In and around the surrounding area
Remarkable, that nearly two hundred years ago and a mere pleasant walk along the shores of Ullswater from Patterdale, Dorothy and William Wordsworth saw the daffodils from which William drew inspiration for what must be one of the best known verses of the English language.
Nestled between two mountain ranges the isolated, slate-grey village of Patterdale can only be reached by Kirkstone Pass to the south or alongside Ullswater to the North. Legend has it that in the 15th century St. Patrick, having been marooned on Duddon Sands, walked 30 miles overland to this valley and gave Patterdale it’s ancient name of St. Patrick’s dale. True or not, there is a well dedicated to the saint by the roadside at Glenridding and the pretty village church was built and named St. Patrick’s in 1853.
Remote though it may be, crowds of visitors dating back to the Victorians have always been drawn to the mountains.
The Wordsworths were influential visitors and regular guests at Side Farm. When Patterdale Hall was built in 1796 for John Mounsey, the so-called ‘King of Patterdale’ and a reputed miser, Dorothy disliked the colour of the exterior and so it was changed.

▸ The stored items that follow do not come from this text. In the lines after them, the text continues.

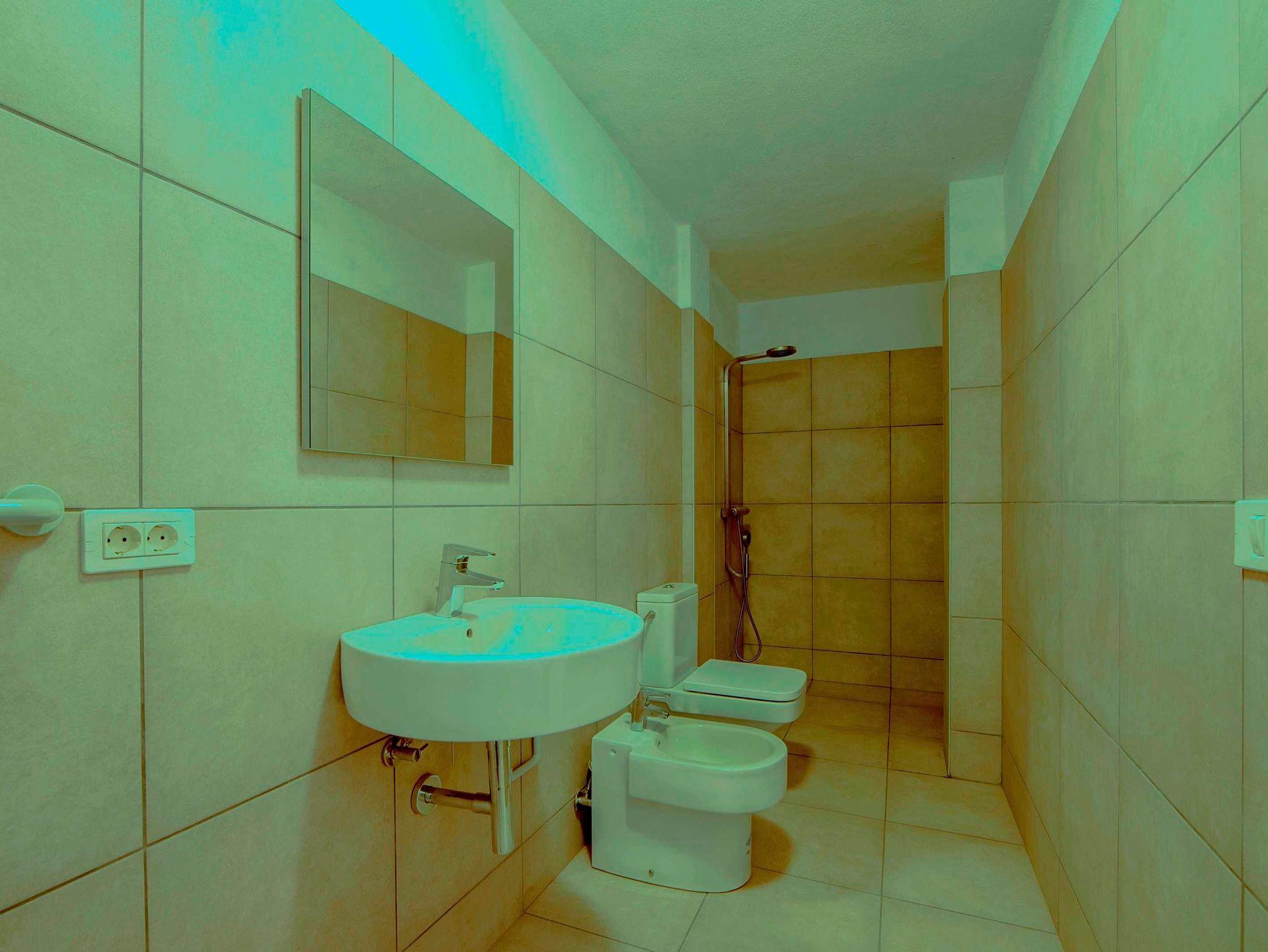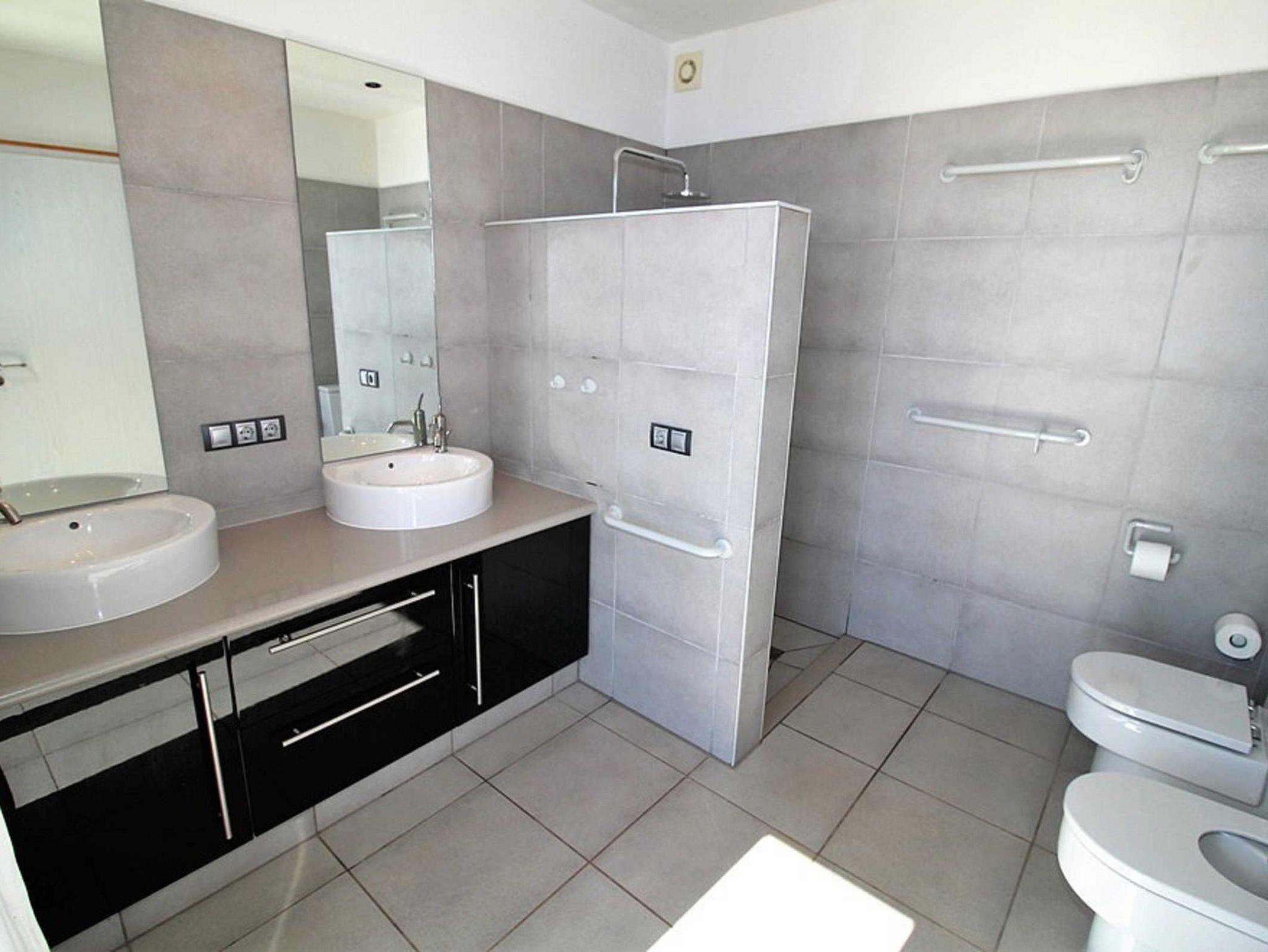 • 1 großes Bad: mit Regen-Dusche, Doppelwaschbecken, Toilette, Bidet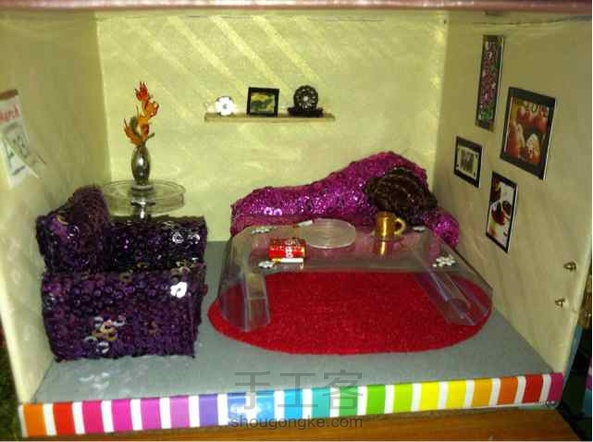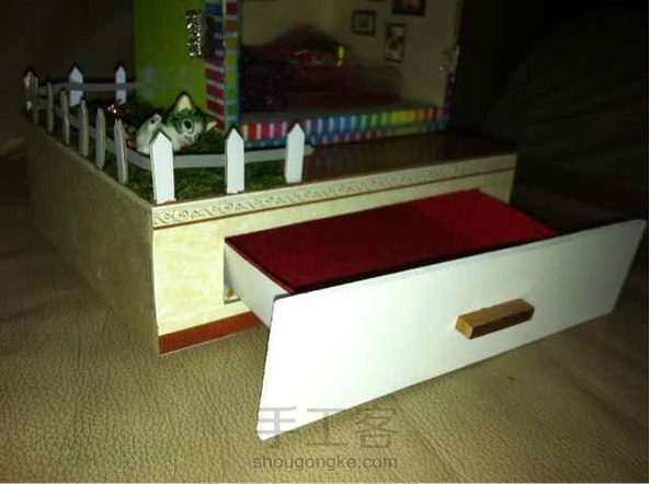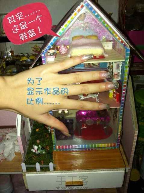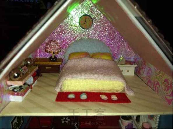 廢物利用,純手工!特別喜歡那個書架和推車,硬紙殼做的。上面的紅酒是小燈泡,一樓的香煙是小木塊磨的,然後用指甲油上色!
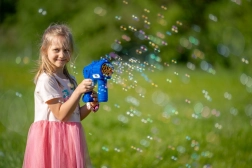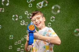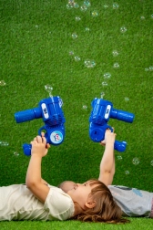 La pistola per bolle Fru Blu è la scelta ideale per ogni pomeriggio dei bambini in giardino, al parco o alle feste. Grazie alle multiple bocchette genera un denso flusso di bolle, che fluttuano dolcemente nell’aria e durano a lungo. L’impugnatura ergonomica e il controllo semplice assicurano divertimento anche ai più piccoli.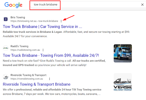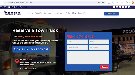 1. Keyword Research & Targeting – Identified high-intent, location-specific keywords such as tow truck Brisbane, emergency towing Brisbane, car towing services near me, ,cheap towing service Brisbane and local machinery towing.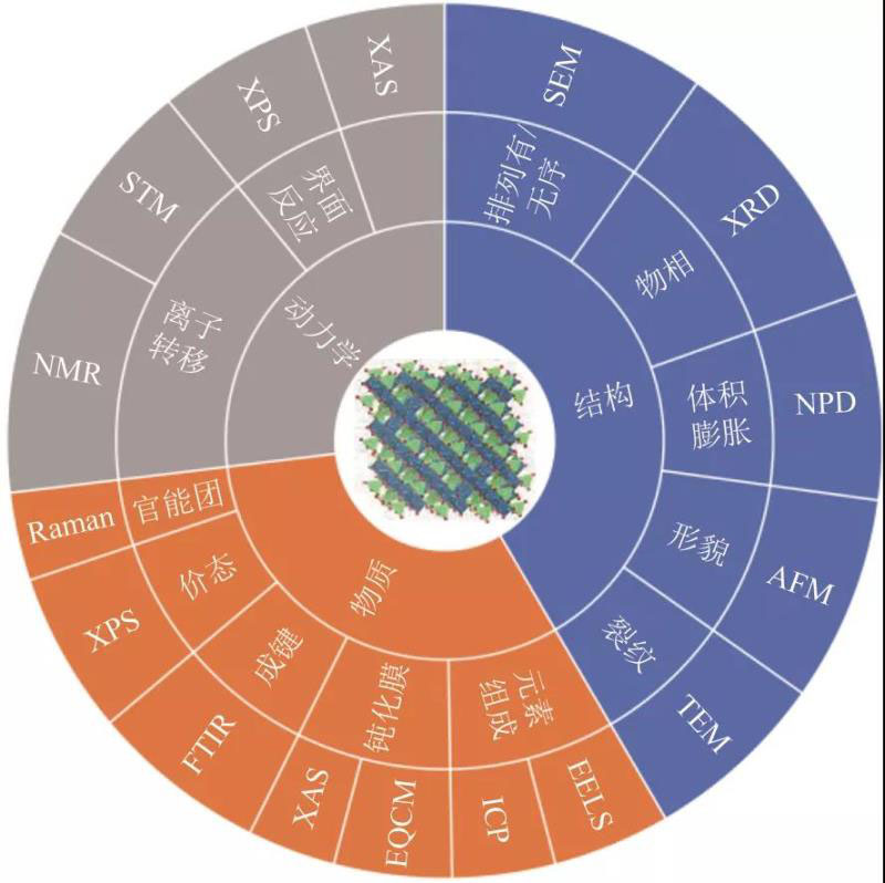 鋰離子電池是當(dāng)前應(yīng)用最為廣泛的便攜式電化學(xué)儲(chǔ)能裝置,同時(shí)也被認(rèn)為是新能源汽車動(dòng)力系統(tǒng)的最優(yōu)選擇。因?yàn)槠鋸V泛的應(yīng)用特性以及廣闊的市場(chǎng)前景,引來(lái)了眾多研究者的關(guān)注。雖然人們對(duì)鋰離子電池的改進(jìn)和優(yōu)化做了大量的努力,但其性能與人們生產(chǎn)生活的預(yù)期需求相比仍有較大差距,這促使研究人員持續(xù)深化對(duì)鋰離子電池的研究,特別是在能量密度、循環(huán)壽命、容量衰減、環(huán)境適應(yīng)性及安全問(wèn)題等方面。鋰離子電池一般由正極、隔膜、負(fù)極、電解液、電池外殼五部分組成。其中正極材料作為儲(chǔ)存活性鋰的部件,是制約當(dāng)前鋰離子電池性能提升的主要因素。從結(jié)構(gòu)、物相、界面、形貌、元素組成、價(jià)態(tài)變化等一系列性質(zhì)上充分深入了解鋰離子電池正極是非常有意義也是十分必要的,因?yàn)檫@和鋰離子電池的電化學(xué)性能直接相關(guān),如高Ni的LiNixCoyMnzO2在使用上的安全性就還有所欠缺。

Wordsworth Cottage at Rooking was bought as a gift for William by Lord Lowther in 1806. The poet was not impressed by the high price paid for the property and apparently because of this abandoned plans to develop, instead selling to a local resident in 1834.
Current day Patterdale is little changed and is still made up of only a handful of cottages, The White Lion Pub, The Patterdale Hotel, a post-office, village school, the firestation and the church.
One addition is the YMCA at the southern end of the village and grand Patterdale Hall is today much extended as the YMCA outdoor activity centre.
What will always remain the same is the outstanding beauty of the surrounding fells and dales and for as long as the track along Striding Edge to Helvellyn begins in the village then Patterdale will remain firmly on the map.